Has anyone gone through this before?


My experience was kind of the opposite - I am a christian who wanted a christian midwife, and all I could find were midwives who were not christian. I felt very conflicted about it, and it caused me to seek out a different midwife by the time my second pregnancy rolled around. 


I think it is proper to mention it to the prospective midwife that she is concerned about how their different beliefs might impact things.  If she has specific concerns, she should mention them upfront.  if the MW is not comfortable with it, it would seem a clear sign to seek out a different care provider.



post #38 of 40


My midwife is a Christian, as are my husband and I, and IIRC it didn't come up until I mentioned dh's band would be playing that weekend which led to a discussion of music (rock and Christian rock) and subsequently church.

Edited by Peppamint - 4/10/11 at 1:14pm
post #39 of 40

Without reading responses here- I'll just put in my 2 cents.

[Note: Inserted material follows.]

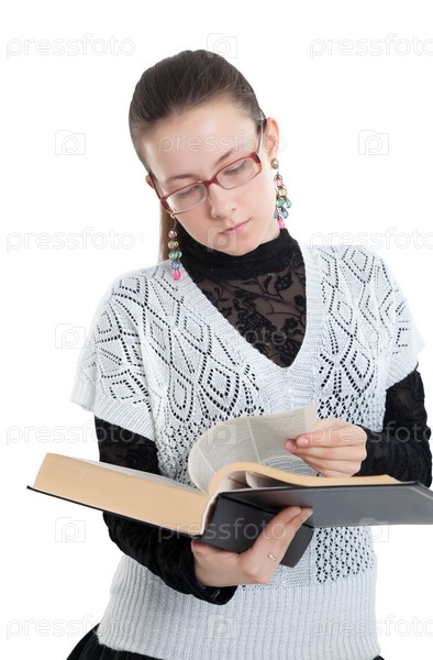 Девушка в очках читает книгу Девушка в очках читает книгу

It's good to get any beliefs out onto the table during the initial consultation so that you know that you and your midwife are a good match.

I, personally, am Christian. A Majority of the midwives out here are not. They go with very very Eastern philosophilcal mindframes, and while I believe the natural ways are best, I do not believe in the religious philosophies behind them.


I'm not sure what you mean by 'really really Christian' because... honestly, lots of people do weird things in the name of Christianity. My grandma is Catholic and believes that my kids are doomed for hell if they dont get baptised as babies and they die- however we have never seen anything mentioned in the Bible about baptising babies or about people going to hell if they dont get baptised, and believe it's a personal acceptance and choice you make when you understand it.  I think it's generally a good idea to get a feel for what philosophies the midwife has and where it plays into her birth. If she wants to 'baptise' the baby before they leave or... I dunno, lol- again Im not sure what her practices are, but this is why your friend should just ask her questions about her practices and get it out on the table. :)

post #40 of 40

I know this thread is somewhat old, but I really appreciated the varying honest responses from so many mamas. I'm a Christian, and on my way to becoming a midwife, and I have wondered for some time about the receptivity of clients in regard to knowing of their midwife's beliefs, and comfort levels with opposing worldviews, etc. Thanks all!